Дверь отворилась, и на пороге я узрел миссис Харрисон со свечой в руке. Вид у нее был встревоженный и немного виноватый.

– Я прошу прощения, мистер Ранду, – начала она, и я заметил, что голос ее, несмотря на прилагаемые леди усилия держаться твердо, дрожал, – у отца сильный жар. Я хотела послать за доктором. Мой брат Томас – доктор, живет неподалеку. Но, будучи в коридоре увидела свет в вашей комнате и осмелилась зайти к вам просить о помощи. Я понимаю, с моей стороны это…

– Не беспокойтесь, сударыня, – прервал ее я как можно мягче, чтобы сгладить ее неловкость, и, не давая возможности женщине оправдываться, – я все равно не спал и готов попытаться вернуть здоровье вашему батюшке. – В награду она улыбнулась.

Я вновь завязал платок и надел кафтан, после чего, взяв саквояж, последовал за миссис Харрисон.
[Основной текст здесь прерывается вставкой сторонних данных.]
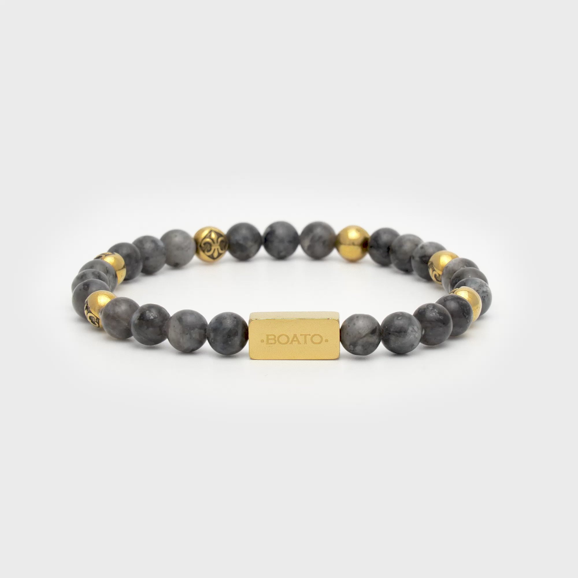 A bracelet that conveys strength, character, and distinction. The labradorite stones reflect energy and resilience, while the details in 316L steel with PVD gold-plated spheres and fleur-de-lis accents add a touch of sophistication and accessible luxury. Designed for the man who seeks a powerful and elegant accessory, this piece becomes the ideal complement to project confidence and personality in every moment.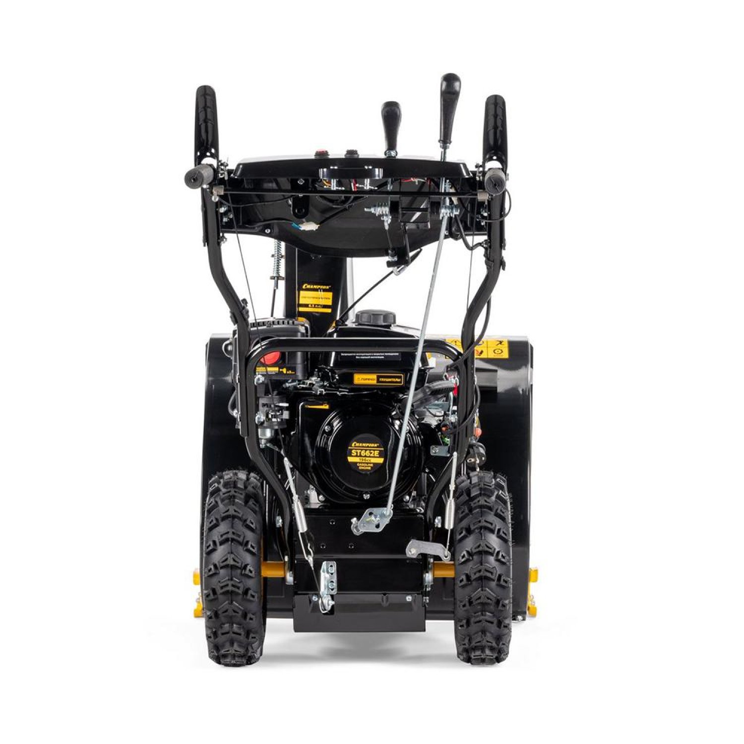 Снегоуборщик бензиновый Champion ST662E - комплектуется высокопроизводительным двигателем с верхним расположением клапанов, который легко запускается даже при отрицательной температуре. Основной особенностью данного двигателя является низкий расход топлива. Вместительный топливный бак, позволяет использовать снегоуборщик при непрерывной работе.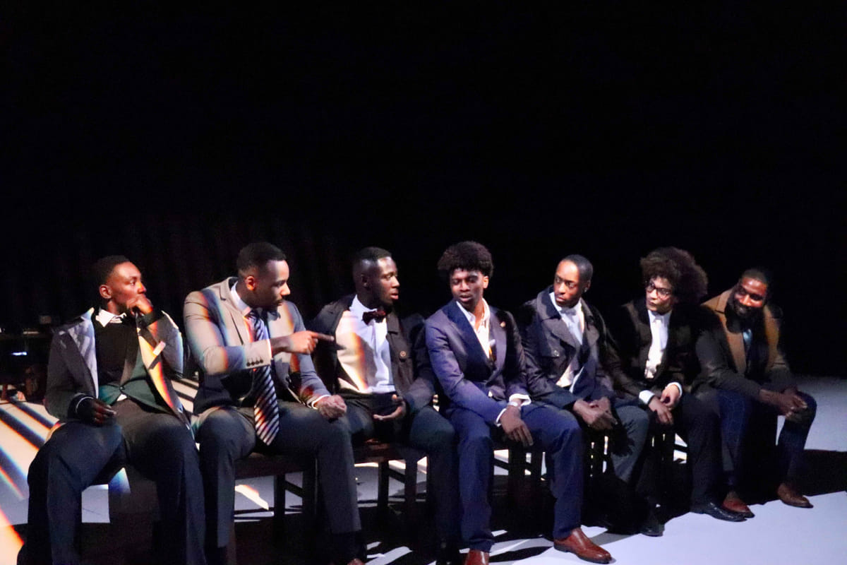 De zaal, waarin het publiek langzaam naar binnen stroomt, is een rechtszaal. We kijken naar de veroordeling van een groep onschuldige, zwarte mannen.

      Пока леди вела меня по коридору, наполненному до отказа призраками прошлого, я, к стыду своему, совершенно не считаясь с кодексом джентльменской чести, разглядывал миссис Харрисон с заднего фасада. Взор мой наслаждался видом гибкой талии, покачивающихся под складками домашнего платья бедер и гривы роскошных темно–каштановых волос, убранных наспех. Вспомнив сетования отца ее, я попытался представить себе миссис Харрисон в сиянии шелка и драгоценностей, в напудренном парике и обилием белил и помады на лице, подающей нежную ручку для поцелуя какому–нибудь щеголю столь же блистательному, как сапфиры и рубины на его перстах. Желание отца показать свой бриллиант в обществе имело право на жизнь. Хотя в желании этом угадывалось скорее гордыня, нежели гордость и невольное непринятие смысла жизни этой женщины, ее стремлений и чаяний. Теперь мне стало совершенно ясно, почему мистер Гуилхем был так удручен тем, что его умная, талантливая и красивая дочь вынуждена довольствоваться только малым обществом Латус–хилла. Ибо каждый любящий родитель хочет лучшей участи для своего дитя, иногда даже не задумываясь о том, что плоть от плоти его выбирает другой путь и может видеть счастье свое иначе. Впрочем, мне как человеку бездетному странно, да и смешно рассуждать о предмете столь тонком и деликатном как отношения родителей и их чад. К тому же мы прибыли на место и мне пора было заняться делом, в коем я, без ложной скромности, разумел гораздо больше, чем в делах семейных.